2 . ¿Por qué pierdes el apetito cuando estás enfermo? Bueno, puedes echarle la culpa a la avalancha de citoquinas que libera el sistema inmunitario. Las citoquinas indican al cerebro que se está llevando a cabo una defensa importante, para la que el cuerpo necesita conservar energía. Como te podrás figurar, movilizar a millones o a miles de millones de células para el combate es una operación que requiere muchos recursos. Para digerir alimentos también se necesita mucha energía, de modo que, al detener ese proceso, el sistema se puede concentrar en la defensa. También reduce la disponibilidad de ciertos nutrientes en la sangre que a los invasores les encantaría tener en sus patógenas manitas. Esto no significa que se deba combatir una enfermedad por medio de la inanición. No digerir nada es una estrategia temporal, no una solución a largo plazo, y, para las personas con enfermedades crónicas, la falta de apetito puede dar lugar a una peligrosa pérdida de peso. De modo que, si te entra hambre de nuevo, puedes comer algo para reponer tu almacén de energía.

3 . Muchas sustancias distintas pueden ser pirógenos, desde ciertos interferones hasta moléculas especiales liberadas por macrófagos activados a las paredes celulares de las bacterias. Pero, al final, sólo necesitas recordar una cosa: las células inmunitarias innatas liberan unas sustancias llamadas pirógenos para ordenarle al cerebro que aumente el calor del cuerpo.
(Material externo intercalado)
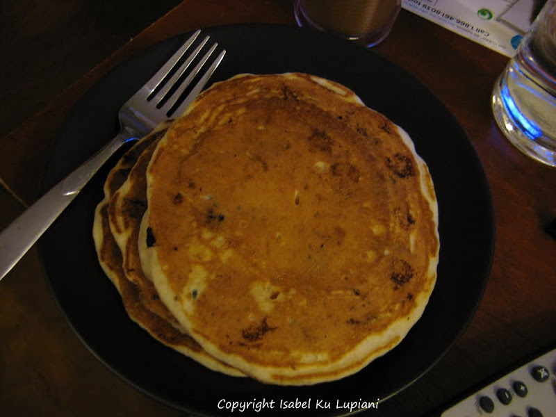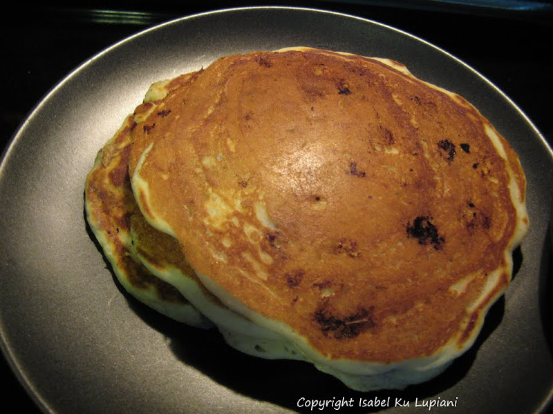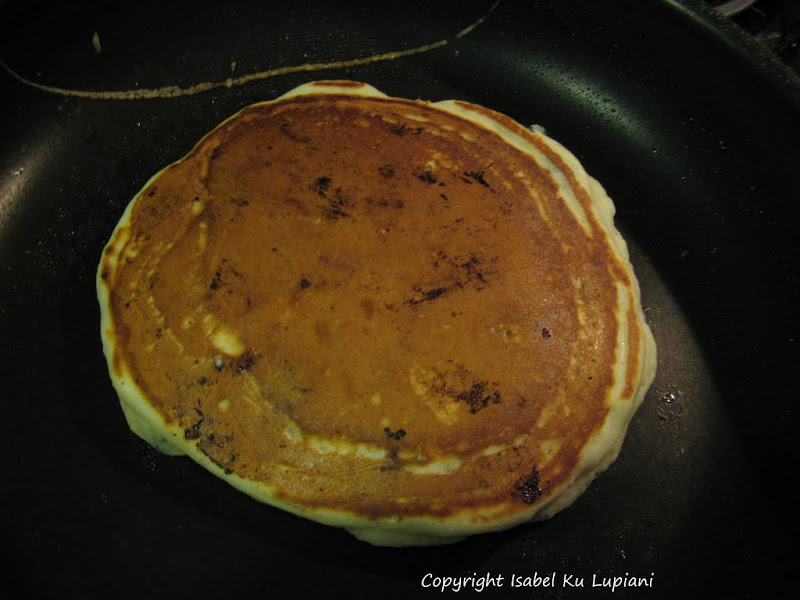 以前做鬆餅都是用現成的鬆餅粉, 但是後來嘗試從頭自己做其實一點都不難, 而且好吃很多. 上手之後就可以隨意變化各種水果口味, 或是巧克力. 要注意的地方是就像瑪芬(muffin), 鬆餅麵糊只要調到材料均勻結合, 沒有粉粒就可以了, 如果過度攪拌煎出來會太硬. 還有煎的時候一定要有耐心, 用中小火, 不然會中間還沒熟, 表面就焦了. 在舀麵糊的時候用量杯或大湯杓, 這樣就可以每一個鬆餅煎出來都差不多大小

4 . Bien, hablemos de uno de los premios Nobel de Fisiología o Medicina más extraños, y de lo inquietante que era el pasado y lo estupendo que es el presente. La sífilis es una enfermedad de transmisión sexual causada por la bacteria espiroqueta. Sus posibles síntomas son terribles y espeluznantes; si quieres pasar un mal rato, busca algunas fotos en internet. Una de las posibles últimas etapas de la enfermedad es la neurosífilis, una infección del sistema nervioso central. Los pacientes afectados suelen sufrir meningitis y daños cerebrales progresivos. Lo que hacía la experiencia aún más desagradable eran los problemas mentales, desde la demencia hasta la esquizofrenia, la depresión, la manía o el delirio, todos causados por los estragos de la bacteria. En definitiva, es justo decir que los pacientes afectados lo pasaron muy muy mal, y que, al final, morían sin que los médicos pudiesen ayudarlos más allá de intentar paliar su sufrimiento. No obstante, observaron que, en algunos casos, los pacientes que sufrían fiebres muy altas no relacionadas se acababan curando. De modo que, naturalmente, algunos médicos empezaron a experimentar con la piroterapia, un tratamiento consistente en provocar la fiebre, e inocularon la malaria a pacientes de sífilis. Esto parece terrible al principio, pero era un riesgo bastante aceptable: los pacientes iban a morir de todos modos, y entonces ya había tratamientos para la malaria. La malaria fue la principal candidata porque provocaba fiebres altas durante un largo y sostenido período, y prácticamente achicharraba a la bacteria de la sífilis, que no podía soportar el calor. De hecho, el tratamiento era tan eficaz que fue galardonado con el Premio Nobel de Fisiología o Medicina en 1927. La aparición de los antibióticos dejó obsoleto este tratamiento en la década de 1940, y lo convirtió en una de las grandes notas al pie de la historia de la medicina.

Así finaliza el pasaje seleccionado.